RECORDS section start

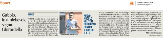 GUBBIO Il cambio del modulo (dal 3-5-2 al 4-3-1-2) e la doppietta dell’attaccante Tommaso Ghirardello è quel che consegna al Gubbio il test di ieri mattina al Barbetti vinto 2-1 contro il Bastia (settimo in Eccellenza) nella sosta forzata del campionato per l’esclusione del Rimini (tornerà in campo domenica prossima a San Benedetto del Tronto alle 17.30). Mimmo Di Carlo, con in campo il vice Davide Mezzanotti ad arbitrare, ha visto all’opera sotto il diluvio e su un terreno pesantissimo quel che passa il convento in questo momento, schierando in partenza Krapikas con Podda, Baroncelli, Di Bitonto e Bruscagin in difesa, Rosaia, Carraro e Costa a centrocampo, Saber trequartista, Ghirardello e Tommasini in attacco. Nella ripresa confermato l’assetto tattico e spazio a Signorini, Zallu, Niang, Conti, Di Massimo, Sportolaro e dalla Primavera il capitano Barizza, Becciolotti, Latini e Prosperini. Nel primo tempo le reti di Ghirardello (4’ e 27’), più i pali in scivolata di Battistelli sul tiro di Di Bitonto (26’) e per gli ospiti di Romio (36’). Nella ripresa a segno l’attaccante Alex Bigarelli al 18’ del Bastia e un altro palo per il Gubbio con Becciolotti al 23’. La squadra riprenderà domani pomeriggio: da verificare le condizioni degli assenti e soprattutto di Spina, che si è fermato nuovamente per un affaticamento muscolare.
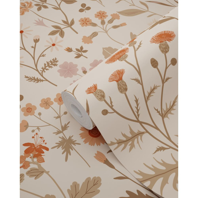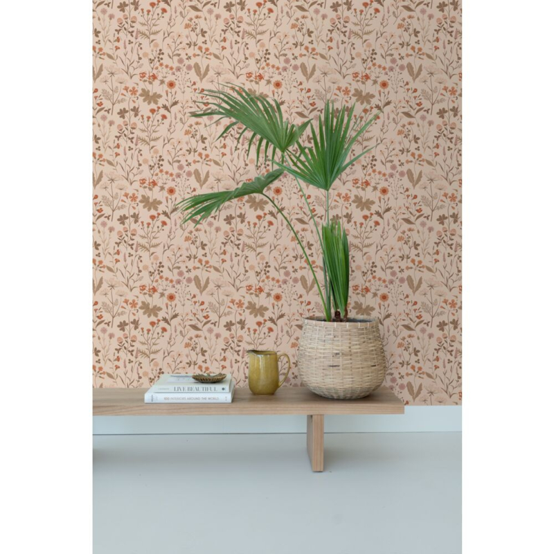 Dit trendy behang met veldbloemen in terracotta roze vormt de perfecte basis voor een warm en sfeervol interieur. Je kunt dit behang niet alleen heel mooi combineren met lichte kleuren en materialen, maar ook met donkere, natuurlijke tinten en houtsoorten.
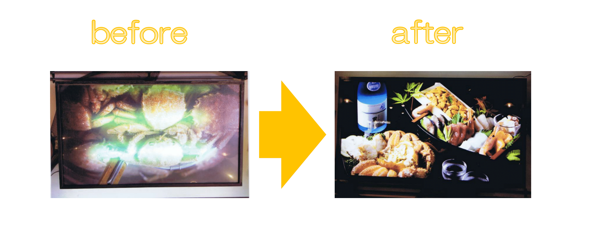 従来は物販を中心としていましたが、現在は飲食を提供しているため、それに併せ店内看板を料理等の飲食用看板に変更する工事を実施。一目でおすすめの飲食メニューがわかるようにするとともに、店外からも飲食用看板が見えるようにすることで、サービス・集客力の向上を図りました。
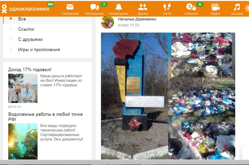 В социальной сети «Одноклассники» появилась запись от неравнодушной жительницы района о том, что возле братской могилы мирных жителей, расстрелянных фашистскими оккупантами, в станице Старощербиновской выброшены «горы» мусора. На эту информацию оперативно отреагировал глава Старощербиновского сельского поселения Владимир Подолянко. Вывезено 3 телеги мусора. Найдены документы, справки. Сейчас ведётся работа по поиску жителей, которые выбросили мусор. Люди делают уже свалки на кладбище, возле памятников, у некоторых людей уже ничего нет святого… Благодарим неравнодушных жителей, которые помогают узнать о таких фактах, Владимира Григорьевича за слаженную и результативную работу.
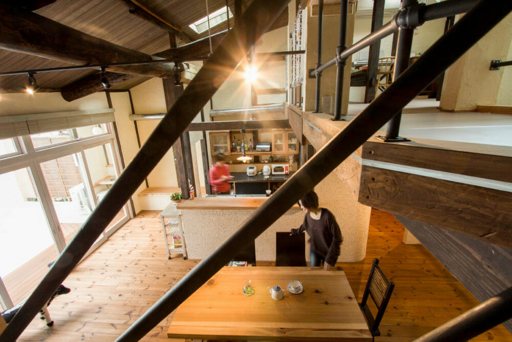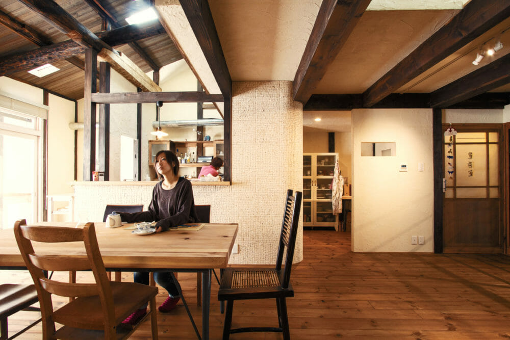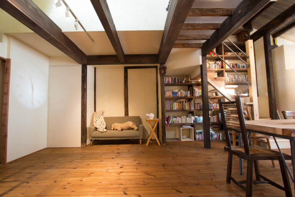そんな中、Nさんが見つけた築後100年の素敵な京町家に一目惚れ。元織物工場だったこの建物は、吹き抜けの登り梁が印象的で、N様ご家族にぴったりの家でした。ただし、蟻害や雨漏りがあり、大規模な地震対策が必須でした。
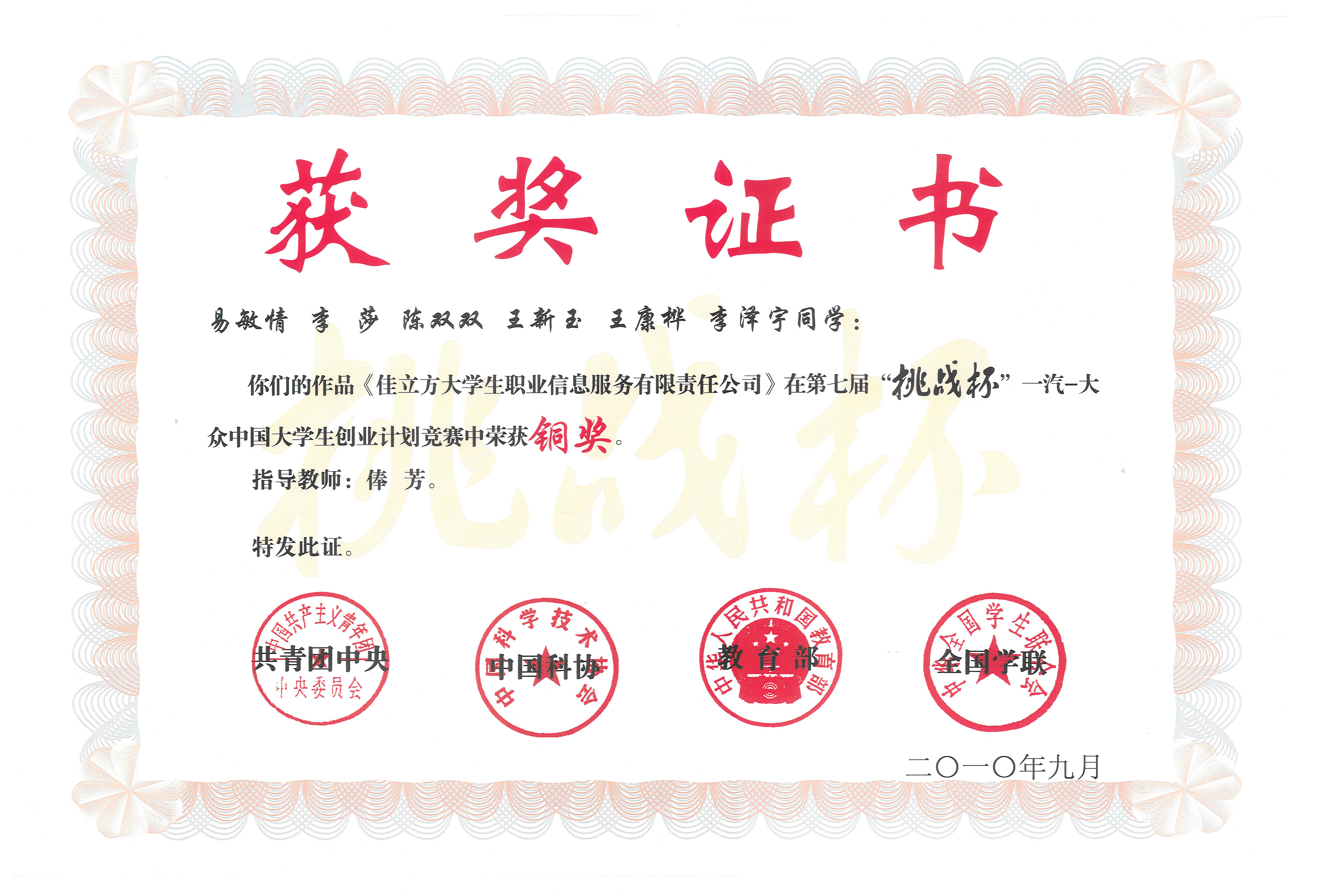 第七届“挑战杯”中国大学生创业计划竞赛获奖证书
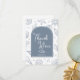 Cette carte de remerciement Dusty Blue "This All I Sea is Love" présente un arrière-plan côtier charmant rempli de gribouillis fantaisistes de couleur bleu poussiéreux représentant des coquillages, des étoiles de mer, des cœurs, des étincelles et des éléments océaniques pour une esthétique de bord de mer de rêve. Au centre du devant se trouve un arc bleu poussiéreux doux entouré d'un mince arc intérieur blanc, affichant la phrase « Merci » dans un script ludique, suivi d'une illustration délicate de coquillage et d'un espace personnalisable pour ajouter le nom de la mariée. Le verso de la carte est vierge, parfait pour ajouter un message manuscrit personnel. Tout le texte et les couleurs peuvent être modifiés pour correspondre au thème de votre fête de mariage.
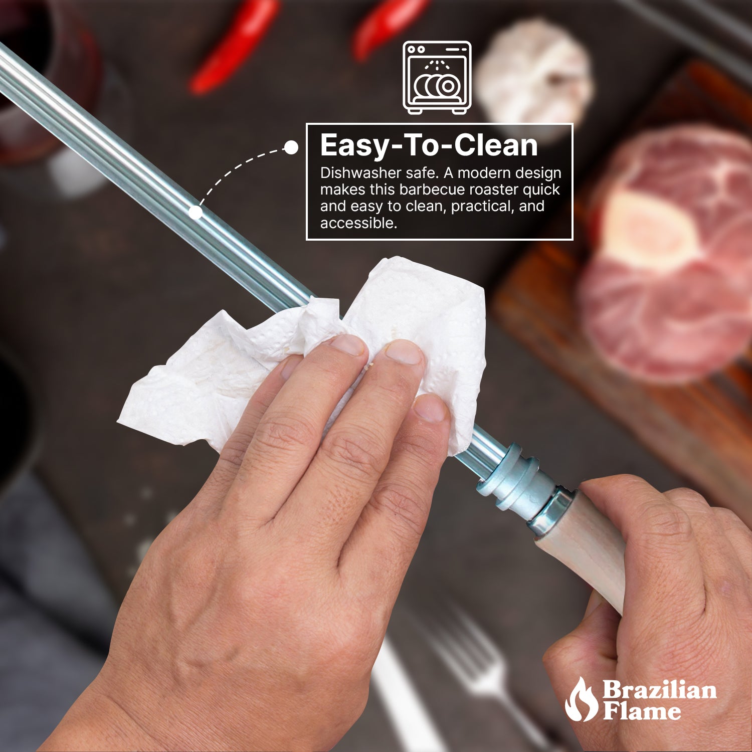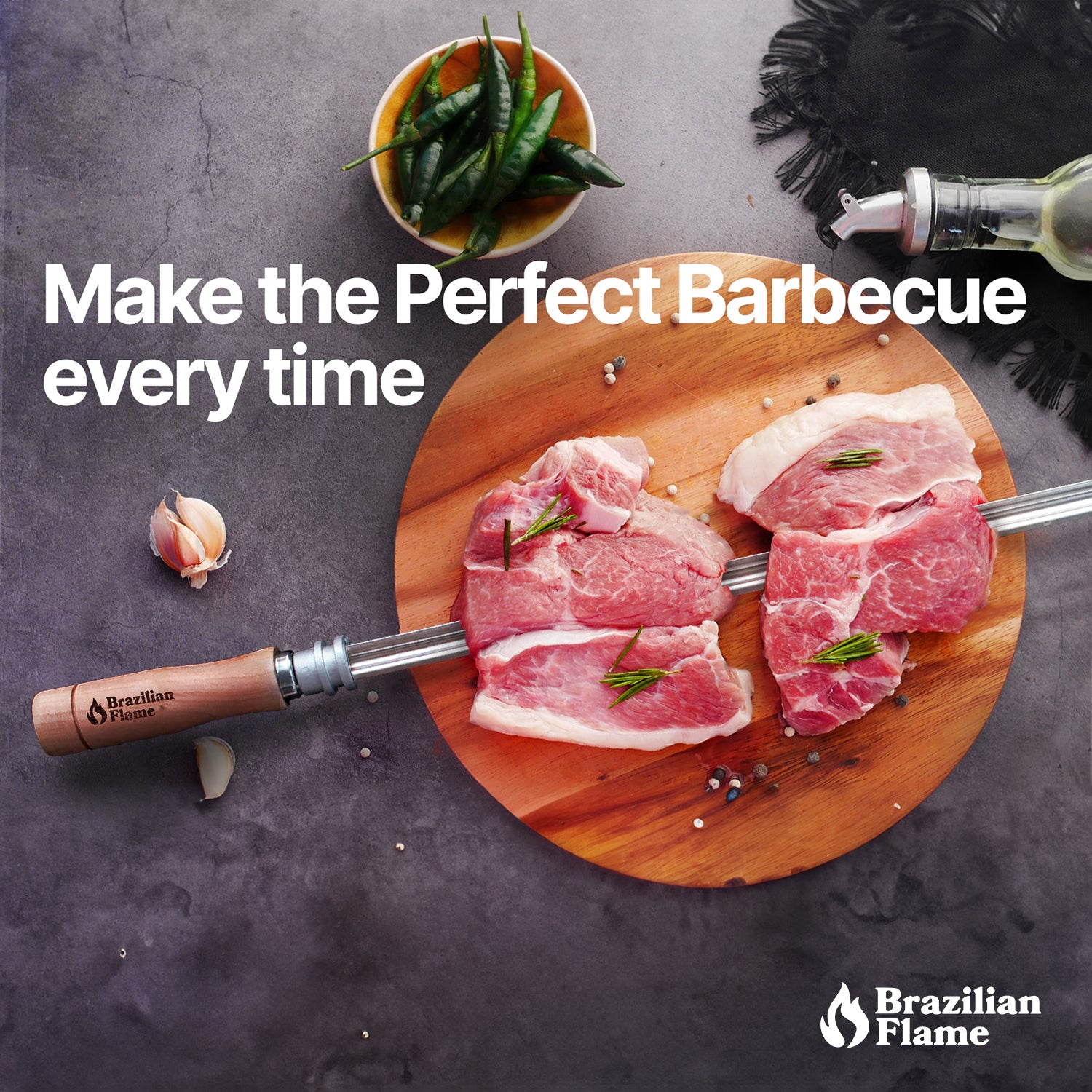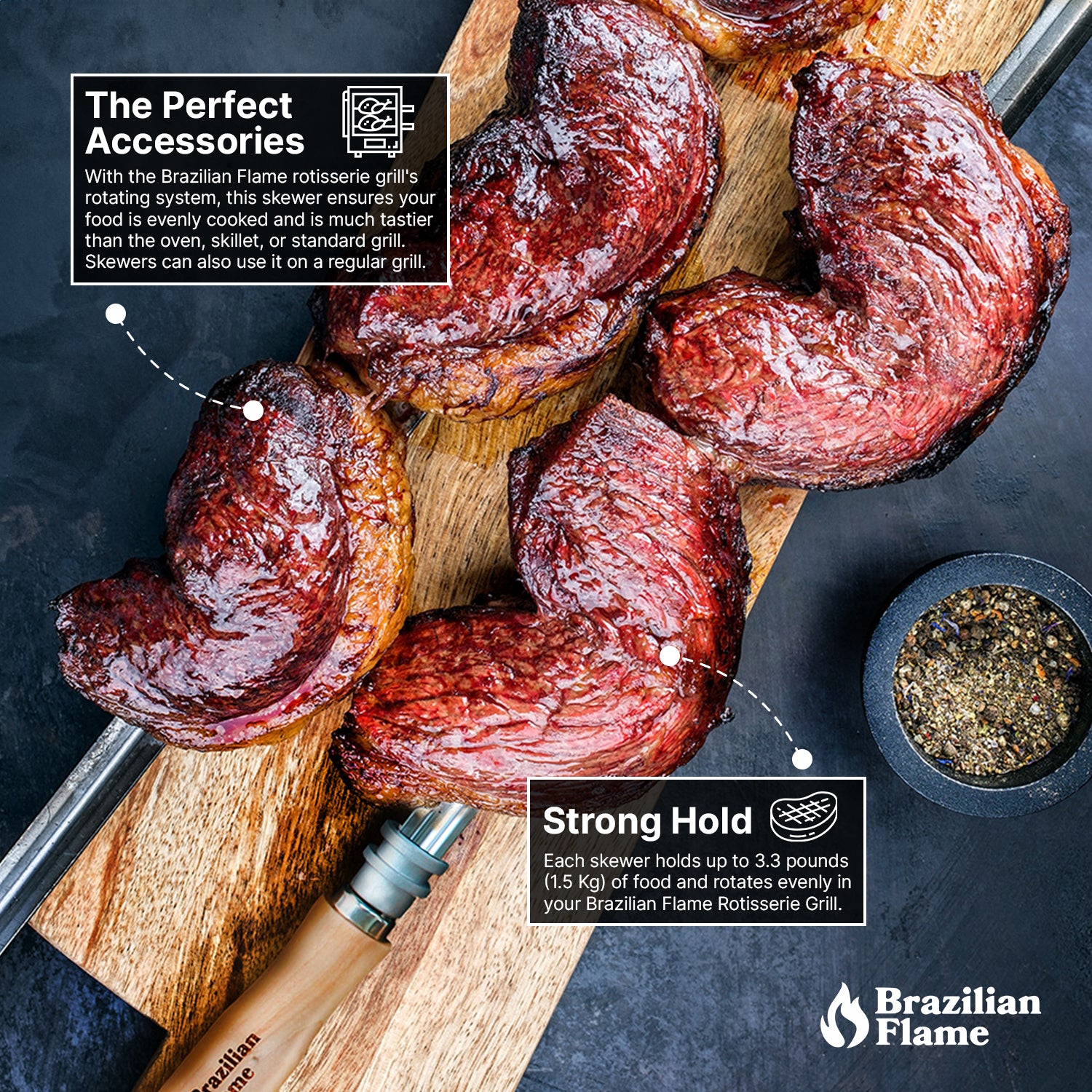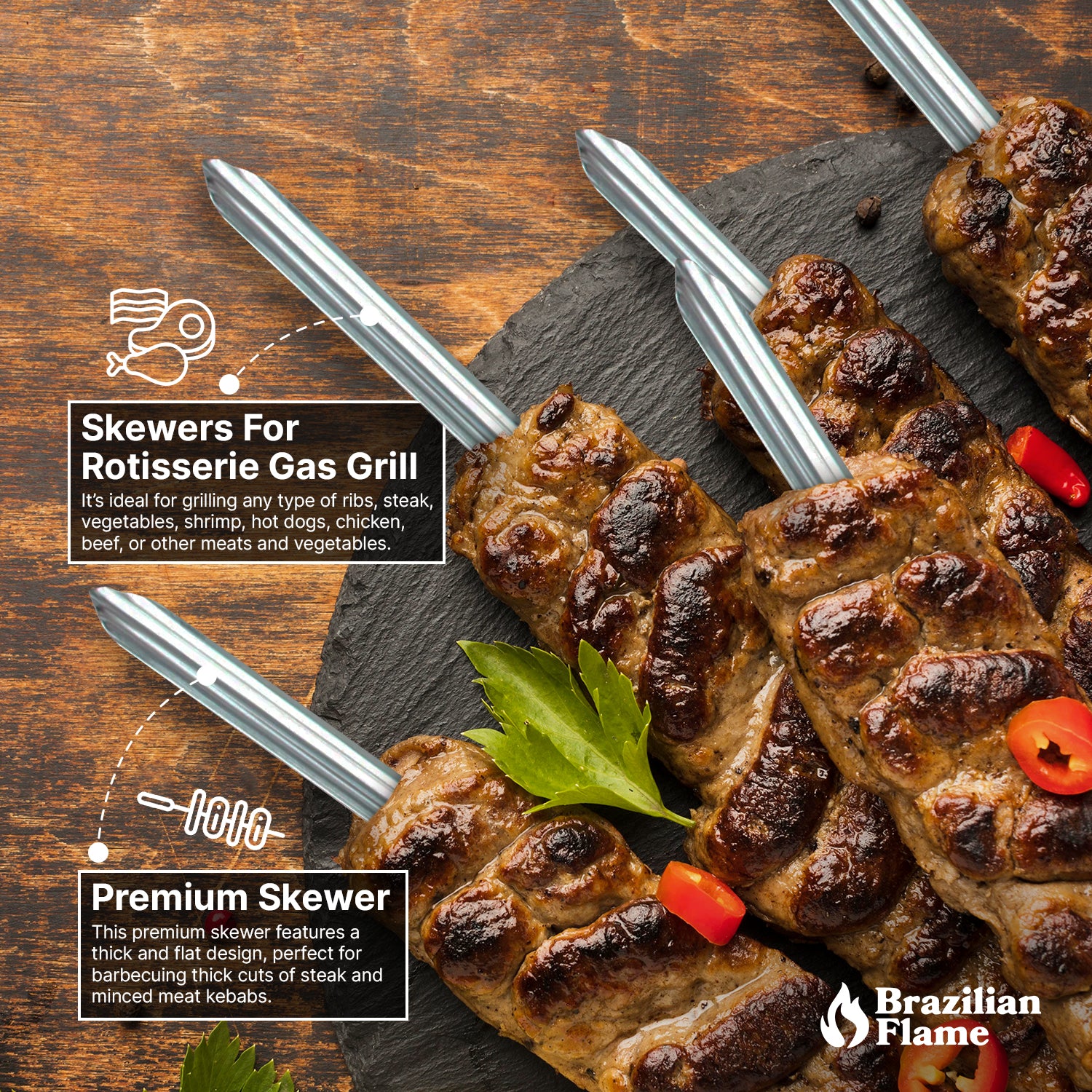 With the Brazilian Flame rotisserie grill rotating system, this skewer ensures your food is evenly cooked and is much tastier than the oven, skillet, or standard grill. Skewers can also use it on a regular grill.

RECORDS section end

Every line above must appear in the answer unchanged, and no picture may appear in it.

 GUBBIO Il cambio del modulo (dal 3-5-2 al 4-3-1-2) e la doppietta dell’attaccante Tommaso Ghirardello è quel che consegna al Gubbio il test di ieri mattina al Barbetti vinto 2-1 contro il Bastia (settimo in Eccellenza) nella sosta forzata del campionato per l’esclusione del Rimini (tornerà in campo domenica prossima a San Benedetto del Tronto alle 17.30). Mimmo Di Carlo, con in campo il vice Davide Mezzanotti ad arbitrare, ha visto all’opera sotto il diluvio e su un terreno pesantissimo quel che passa il convento in questo momento, schierando in partenza Krapikas con Podda, Baroncelli, Di Bitonto e Bruscagin in difesa, Rosaia, Carraro e Costa a centrocampo, Saber trequartista, Ghirardello e Tommasini in attacco. Nella ripresa confermato l’assetto tattico e spazio a Signorini, Zallu, Niang, Conti, Di Massimo, Sportolaro e dalla Primavera il capitano Barizza, Becciolotti, Latini e Prosperini. Nel primo tempo le reti di Ghirardello (4’ e 27’), più i pali in scivolata di Battistelli sul tiro di Di Bitonto (26’) e per gli ospiti di Romio (36’). Nella ripresa a segno l’attaccante Alex Bigarelli al 18’ del Bastia e un altro palo per il Gubbio con Becciolotti al 23’. La squadra riprenderà domani pomeriggio: da verificare le condizioni degli assenti e soprattutto di Spina, che si è fermato nuovamente per un affaticamento muscolare.
 Dit trendy behang met veldbloemen in terracotta roze vormt de perfecte basis voor een warm en sfeervol interieur. Je kunt dit behang niet alleen heel mooi combineren met lichte kleuren en materialen, maar ook met donkere, natuurlijke tinten en houtsoorten.
 従来は物販を中心としていましたが、現在は飲食を提供しているため、それに併せ店内看板を料理等の飲食用看板に変更する工事を実施。一目でおすすめの飲食メニューがわかるようにするとともに、店外からも飲食用看板が見えるようにすることで、サービス・集客力の向上を図りました。
 В социальной сети «Одноклассники» появилась запись от неравнодушной жительницы района о том, что возле братской могилы мирных жителей, расстрелянных фашистскими оккупантами, в станице Старощербиновской выброшены «горы» мусора. На эту информацию оперативно отреагировал глава Старощербиновского сельского поселения Владимир Подолянко. Вывезено 3 телеги мусора. Найдены документы, справки. Сейчас ведётся работа по поиску жителей, которые выбросили мусор. Люди делают уже свалки на кладбище, возле памятников, у некоторых людей уже ничего нет святого… Благодарим неравнодушных жителей, которые помогают узнать о таких фактах, Владимира Григорьевича за слаженную и результативную работу.
そんな中、Nさんが見つけた築後100年の素敵な京町家に一目惚れ。元織物工場だったこの建物は、吹き抜けの登り梁が印象的で、N様ご家族にぴったりの家でした。ただし、蟻害や雨漏りがあり、大規模な地震対策が必須でした。
 第七届“挑战杯”中国大学生创业计划竞赛获奖证书
 Cette carte de remerciement Dusty Blue "This All I Sea is Love" présente un arrière-plan côtier charmant rempli de gribouillis fantaisistes de couleur bleu poussiéreux représentant des coquillages, des étoiles de mer, des cœurs, des étincelles et des éléments océaniques pour une esthétique de bord de mer de rêve. Au centre du devant se trouve un arc bleu poussiéreux doux entouré d'un mince arc intérieur blanc, affichant la phrase « Merci » dans un script ludique, suivi d'une illustration délicate de coquillage et d'un espace personnalisable pour ajouter le nom de la mariée. Le verso de la carte est vierge, parfait pour ajouter un message manuscrit personnel. Tout le texte et les couleurs peuvent être modifiés pour correspondre au thème de votre fête de mariage.
 With the Brazilian Flame rotisserie grill rotating system, this skewer ensures your food is evenly cooked and is much tastier than the oven, skillet, or standard grill. Skewers can also use it on a regular grill.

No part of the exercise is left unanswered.